Aquarius gives Sonia Braga the great starring role she’s always deserved
For a very brief period in the late ’80s and early ’90s, Brazilian actress Sonia Braga looked poised to become a major Hollywood star. Her significant supporting role in Kiss Of The Spider Woman (1985), a Brazilian-American co-production that won William Hurt the Oscar for Best Actor and was nominated for Best Picture, got studio suits’ attention; a few years later, she appeared in Robert Redford’s The Milagro Beanfield War and Paul Mazursky’s Moon Over Parador (both of which, oddly, are set in fictional locations, with Milagro somewhere in New Mexico and Parador an entirely invented South American country). Neither film was a hit, and the same tepid box-office fate met her last big Hollywood showcase, The Rookie (1990), in which she played one of the criminals (alongside Raul Juliá again) being pursued by cops Clint Eastwood and Charlie Sheen. While she would later be nominated for an Emmy for John Frankenheimer’s TV movie The Burning Season (opposite Juliá again) and has appeared in guest roles on numerous U.S. TV shows, that was the end of her feature-film heyday. So it’s marvelous to see Braga setting the big screen ablaze—speaking her native language, for once—in Aquarius, a Brazilian drama constructed entirely around her.

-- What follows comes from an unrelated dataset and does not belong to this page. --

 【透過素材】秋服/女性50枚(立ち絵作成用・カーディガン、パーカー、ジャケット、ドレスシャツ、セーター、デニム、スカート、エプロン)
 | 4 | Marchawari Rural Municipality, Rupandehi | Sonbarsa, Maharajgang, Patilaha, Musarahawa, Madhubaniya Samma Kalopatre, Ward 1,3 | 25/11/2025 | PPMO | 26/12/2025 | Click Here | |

That focus on a single protagonist marks a significant change of pace for writer-director Kleber Mendonça Filho, whose debut feature, Neighboring Sounds (2012), was a kaleidoscopic portrait of an entire city block. The two films share the same location, however: Recife, a major metropolitan area on Brazil’s east coast. Opening in 1980, Aquarius quickly establishes the oceanfront apartment building after which it’s titled, introducing a vibrant young woman named Clara (initially played by Bárbara Colen) who lives there with her family. Decades later, Clara (now played by Braga), at 65, still lives in the same apartment, alone, having recently retired from a highly successful career as a music critic. Developers have purchased the building and plan to tear it down, replacing it with luxury condos; they can’t legally force Clara to leave, however, and she refuses to abandon the repository of her life’s memories, even though she’s the last remaining tenant. So begins a rapidly escalating war of wills, with the new owners trying to make Clara’s existence such a living hell that she’ll voluntarily move out, and Clara fighting fire with fire… except substitute something more viscerally disturbing than fire.

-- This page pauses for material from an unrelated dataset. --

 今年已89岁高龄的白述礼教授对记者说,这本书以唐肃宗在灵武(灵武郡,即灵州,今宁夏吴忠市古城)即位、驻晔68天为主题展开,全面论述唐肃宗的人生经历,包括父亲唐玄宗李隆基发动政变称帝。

Summarized like that, Aquarius almost sounds as if it could be a Hollywood movie, pitting a lovable underdog against The Man. Despite his title, though, Mendonça Filho is just as interested in Clara herself as he is in her fight to remain in the building. Indeed, there are two different movies at work here, which only seem tangentially related. One of them examines our attachment to objects and places and the ways that we invest the inanimate with meaning; even in the 1980-set prologue, a minor character’s glance at a credenza in the apartment triggers a flashback to a time when she’d had sex atop it, decades earlier. The other just wants to hang with Clara, observing her love life (this is a rare movie that confidently depicts an older woman as highly erotic); her relationships with her family (especially a daughter played by the terrific Maeve Jinkings, who was part of Neighboring Sounds’ ensemble) and her longtime maid (Zoraide Coleto); and her love of music ranging from samba to Queen. This sprawling approach makes Aquarius a tad unwieldy—the film runs nearly two and a half hours—but since both movies are thoroughly enjoyable in their own right, it seems churlish to complain that they don’t mesh as snugly as one might like.

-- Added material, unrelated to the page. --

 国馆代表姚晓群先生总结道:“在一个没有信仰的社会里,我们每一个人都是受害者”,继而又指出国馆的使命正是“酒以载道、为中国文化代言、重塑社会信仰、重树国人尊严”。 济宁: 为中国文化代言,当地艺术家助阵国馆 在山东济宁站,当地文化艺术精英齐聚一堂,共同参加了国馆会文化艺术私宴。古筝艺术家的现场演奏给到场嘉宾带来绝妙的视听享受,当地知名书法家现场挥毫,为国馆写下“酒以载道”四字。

Plus, no matter what’s happening at any given moment (apart from the prologue), Braga is killing it. Clara’s tenderness and her ferocity are inextricable, and Braga miraculously succeeds in making the character an indomitable force of nature (to the point where you want to urge the rapacious real-estate villains to throw in the towel; they’re clearly outmatched) while simultaneously revealing how fragile and weary she can be. To call this performance a career-crowning achievement seems insufficient—based on her magnificence here, it’s not clear that Braga has ever before been given a real opportunity to show what she can do. (That she somehow lost Cannes’ Best Actress prize, which went to Ma’ Rosa’s Jaclyn Jose, is perhaps the worst indictment that can made of this year’s jury, which handed out what’s widely considered to be the most wrongheaded bunch of awards in decades.) Aquarius is almost certainly too tiny and foreign to get Oscar attention, but if voters are serious about wanting to celebrate actors of color, they need look no further.